5. Independentemente da atitude boa ou má do pastor ou do político, há algumas diferenças qualitativas entre o poder pastoral e a política. O poder pastoral desenvolve o cuidado dos outros, o cuidado da vida na forma de bom governo, enquanto a política tem por princípio o autogoverno dos sujeitos, a autogestão e autonomia. Independentemente de que exista um bom ou mau uso do poder pastoral ou da política, fica claro que ambas as formas de poder lidam de modos diferentes com a vida e com os sujeitos. A política, por princípio, não se ocuparia daqueles que necessitam cuidados, qualquer forma de cuidado dos outros foge ao escopo originário da política, que é a autogestão e autonomia dos sujeitos.
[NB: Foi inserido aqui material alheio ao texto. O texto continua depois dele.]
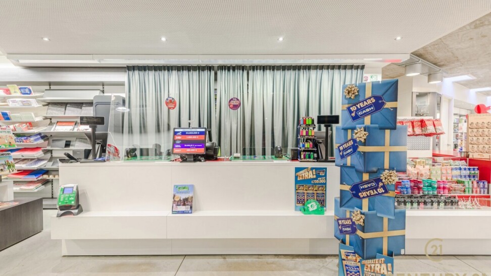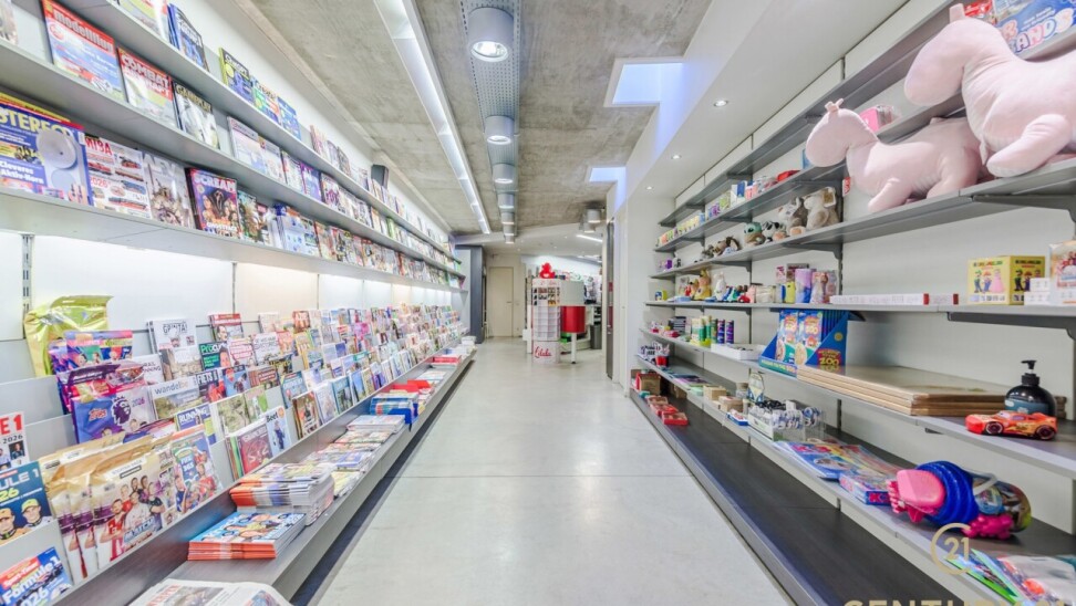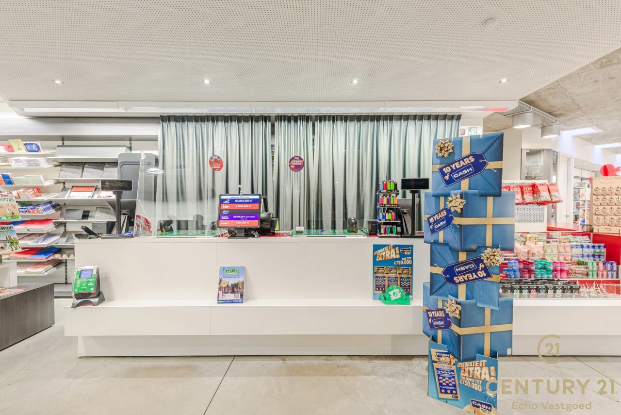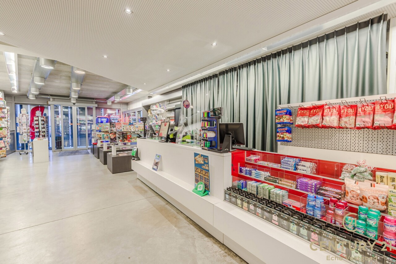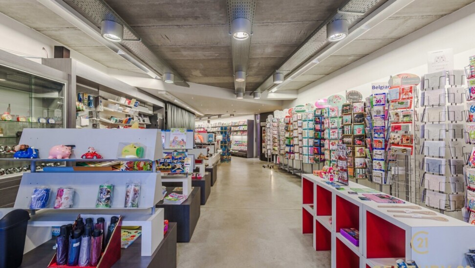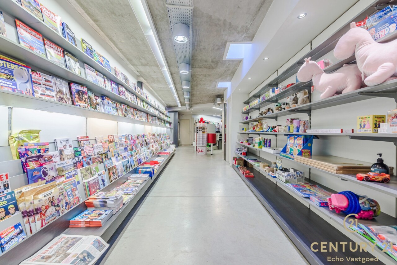 Op het gelijkvloers bevindt zich de handelsruimte, momenteel ingericht als dagbladhandel, maar perfect geschikt voor diverse commerciële activiteiten. De winkel beschikt over een vooringang langs de straatzijde, wat zorgt voor een vlotte en professionele toegang voor klanten, en een interne verbinding naar de woning.

Por outro lado, o poder pastoral, ao centrar-se no cuidado dos outros, ajuda e apoia aqueles que dele necessitam, porém inibe a autonomia, ou como mínimo não a desenvolve. O poder pastoral é fundamental para cuidar os outros quando necessitam, porém ele pode ser um grande entrave para a autonomia dos sujeitos. Aquele que é cuidado o tempo todo, perde capacidade de decidir por si mesmo. De outro lado, a pura política deixaria de lado a preocupação com aqueles que não conseguem se valer por si, e, no entanto, em muitas ocasiões, algumas pessoas necessitam de apoios e cuidados porque não têm possibilidades ou capacidades suficientes para valer-se por si mesmas. Neste caso, a política que apela para autonomia e autogestão de si, aparece, para as pessoas que necessitam e não podem, como um discurso formal correto, porém vazio de sentido.
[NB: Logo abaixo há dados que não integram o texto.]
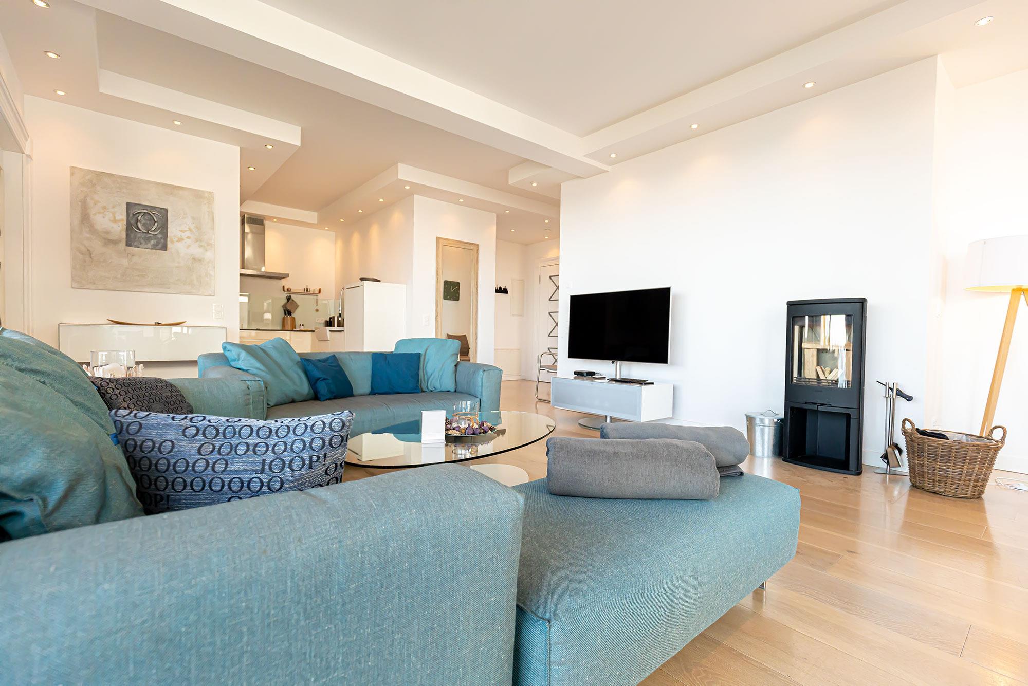 Das Appartement Ocean Blue befindet sich in der 2. Etage der Villa Claire, ist rund 110 Quadratmeter groß und verspricht bis zu fünf Personen einen Urlaub der Spitzenklasse. Für die Einrichtung wurden ausschließlich exquisite Möbel namhafter Marken, wie Rolf Benz und Hülsta, verwendet. Sofort beim Eintreten verspürt man das behagliche Gefühl dieses frischen und modernen Ambientes. Kamin und Fußbodenheizung sorgen für Gemütlichkeit und die dimmbare Beleuchtung für stimmungsvolle Stunden.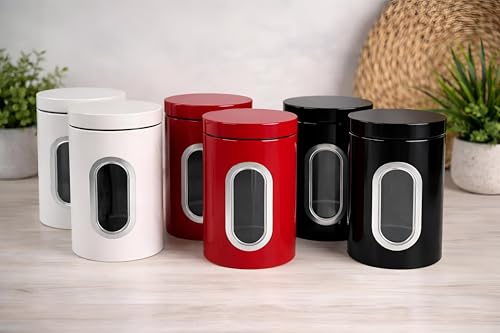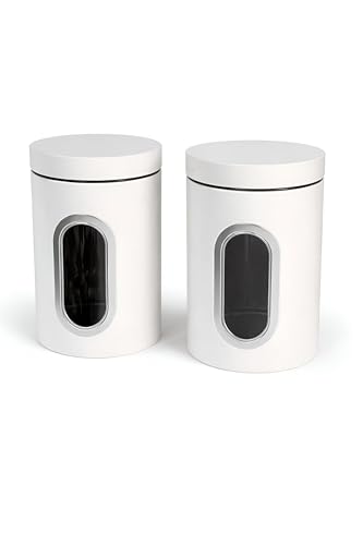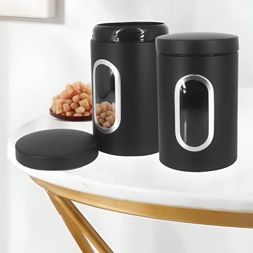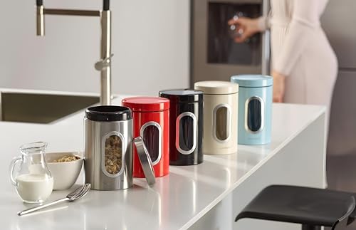 Generic - برطمانات تخزين معدنية مع اغلاق محكم ونافذة شفافة، مصممة لتخزين الدقيق والسكر والحبوب والشاي على المدى الطويل. (لون 2)
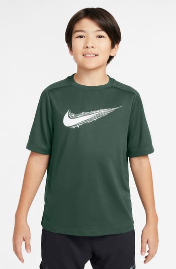 A cool graphic T-shirt built from fabric with Dri-FIT technology keeps your kiddo dry and comfortable while they play.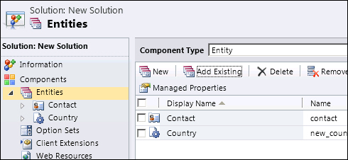 Select Entities, and click on Add Existing to add the Contact entity, as shown in the following screenshot:

Nesta análise, fica transparente que em ambas as formas de poder há uma limitação interna a respeito da vida humana e uma tensão entre si a respeito dos sujeitos.  A política se omite do cuidado daqueles que não podem, o pastorado cuida dos que necessitam com perigo de inibir a autonomia possível. Mutatis mutandis, podemos ver refletida contemporaneamente esta tensão, por exemplo, em algumas das denominadas políticas públicas compensatórias ou assistenciais. São políticas destinadas a compensar necessidades da população, elas são extremamente necessárias para aqueles que vivem em estado de necessidade, já que sem elas encontrar-se-iam vulneráveis e carentes de aspectos fundamentais da sobrevivência humana. Porém, se estas políticas públicas perdurarem por muito tempo ou se aplicarem de forma indiscriminada, podem desenvolver, de um lado, uma atitude paternalista de dependência dos poderes do Estado, do qual se espera que resolva tudo de forma generalizada, e concomitantemente desenvolver-se-ia uma atitude assistencialista que gera dependência de um outro superior. De outro lado, os governantes do Estado aliciam as pessoas e populações que obtêm benefícios públicos permitindo obter mais votos através de políticas assistenciais. As políticas públicas são um exemplo concreto, uma versão contemporânea, do poder pastoral, que refletem a tensão histórica entre o pastorado e a política. O que está em questão não é a bondade ou maldade intrínseca de alguma das formas de poder (pastorado ou política), mas as estratégias que os conjugam e as táticas que os desenvolvem. Especificamente, como veremos, a noção de economia política moderna operou uma estratégia precisa que transtrocou os modos de condução governo da vida (pastorado) em formas políticas com aparência de democracia, anulando os espaços da autonomia e deliberação dos sujeitos e tornando nossas democracias, cada vez mais, regimes de administração da vida, de condução das populações, de gerenciamento de desejos, de direcionamento de tendências, etc.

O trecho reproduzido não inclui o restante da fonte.